Abstract: Back Ground:
Fractures of Distal Femur are common due to increased Road traffic accidents and fall from height because of increased construction activities. These fractures are quite disabling. So these fractures necessitate early stabilization. Internal fixation with VA-LCP has shown to give one of the best results in terms of fixation, recovery, fracture union and clinical outcome. Materials and Methods:
23 cases of Distal femur fractures treated with VA-LCP from August 2016 to August 2018 were selected for this study. They were admitted and examined according to protocol clinically and radiologically. All patients were followed up for a minimum of 6 months and outcome assessed with Neer’s score.

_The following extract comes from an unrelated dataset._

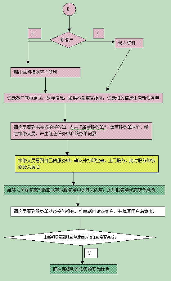 如果是需要上門維修的客戶,點(diǎn)擊"新建任務(wù)單",填寫任務(wù)單上的相關(guān)內(nèi)容,此時任務(wù)單狀態(tài)為紅色;調(diào)度員看到新任務(wù)單,點(diǎn)擊"新建服務(wù)單",填寫服務(wù)單內(nèi)容,指定維修人員。此時任務(wù)單狀態(tài)變?yōu)榧t色,服務(wù)單狀態(tài)則為紅色。維修人員看到自己的服務(wù)單,確認(rèn)并打印出來,上門服務(wù),此時服務(wù)單狀態(tài)變?yōu)辄S色;維修人員服務(wù)完畢后回來完成服務(wù)單中的其它內(nèi)容,此時服務(wù)單狀態(tài)變?yōu)樗{(lán)色;調(diào)度員看到服務(wù)單狀態(tài)變?yōu)樗{(lán)色,打電話回訪該客戶,并填寫用戶滿意度;上級領(lǐng)導(dǎo)看到服務(wù)單后確認(rèn)該任務(wù)是否完成。確認(rèn)完成則該任務(wù)單變?yōu)樗{(lán)色,否則再派出一張服務(wù)單。直到任務(wù)完成。
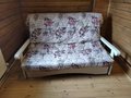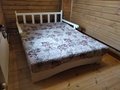 Приятная по цвету крашенная древесина, чехол можно постирать, спальное место прямое и удобное (может чуть низковато, но нас это не смутило)Пришлось подождать около 2ух недель. Перед доставкой нам позвонили и потом еще водитель за час позвонил, привезли и собрали быстро.

Results: All fractures healed with an average duration of 23 weeks which is comparable with other studies. We had excellent outcome in 6 (26%) patient, satisfactory outcome in 13 (57%) patient and 4 had an unsatisfactory (17%) result. Average Neer’s Knee score was 81 which is comparable with other studies.

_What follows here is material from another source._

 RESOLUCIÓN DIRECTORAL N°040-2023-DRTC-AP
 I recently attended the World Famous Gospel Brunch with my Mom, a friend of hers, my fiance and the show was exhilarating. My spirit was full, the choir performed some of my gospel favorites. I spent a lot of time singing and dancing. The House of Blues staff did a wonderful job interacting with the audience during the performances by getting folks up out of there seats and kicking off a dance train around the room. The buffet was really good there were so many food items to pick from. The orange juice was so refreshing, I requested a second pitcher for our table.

Conclusion: The VA-LCP is the treatment of choice in the management of comminuted distal femoral fractures especially Type C fractures, where type C1 we have found higher Neer’s scores. VA-LCP also prevents compression of periosteal vessels. VA- LCP is the implant of choice especially in type C3 fractures as we can get purchase of multiple fracture fragments avoiding intra articular screw penetration because of screw insertion angle upto 150 compared to fixed orthogonal screw placement. Although in our series poor result were found in type C3 fractures we attribute this to long learning curve in treatment of type C3 fractures.